Superar el riesgo de abusos en la Iglesia necesita profundos cambios institucionales, organizacionales y espirituales, que van a necesitar tiempo. Durante ese tiempo de honda transformación, la sociedad y el Pueblo de Dios deben contar con instancias desde las que hacer seguimiento y empujar en la buena dirección. Ojalá que esas instancias existieran también dentro de la Iglesia y que la gente común pudiésemos confiar plenamente en ellas, pero ha sido precisamente esa confianza la que ha sido quebrada y costará recobrarla. Hay que reconocer que la Iglesia está en camino, pero necesita ayuda para recorrerlo. Y, sobre todo, las víctimas necesitan ayuda para que la Iglesia haga el camino que debe hacer. Una Comisión pública del ministerio fiscal, puede ser una herramienta para ayudar a las víctimas y recrear confianza.
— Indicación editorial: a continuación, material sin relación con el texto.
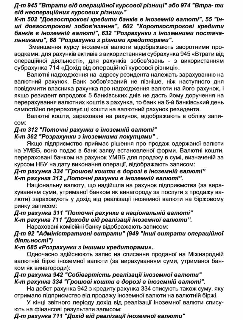 Облік за цим рахунком ведуть аналогічно до того, як і за поточним рахунком у національній валюті. Особливістю є те, що записи операцій здійснюють в облікових реєстрах з обліку розрахунків у чисельнику в іно- земній валюті, а в знаменнику – у гривнях за курсом Нацбанку на відпові- дну дату, а основним документом, за яким здійснюють придбання валют- них коштів та їхнє списання з цього рахунку, є заява встановленої форми. Виписки банк видає за цим рахунком одночасно у розрізі валют та у грив- нях.

A aquellos que son muy críticos con la Iglesia, que están indignados, a quienes son adversos a la religión, a los anticlericales, a quienes incluso quieren la extinción de las religiones en toda la tierra: no nos dejen solos, ayúdennos a encontrar la verdad. Les necesitamos. Solos no nos bastamos en la Iglesia. Si estamos con ustedes –aunque sea debatiendo–, nos apareceremos más a Jesús, quien le gustaba estar con todos.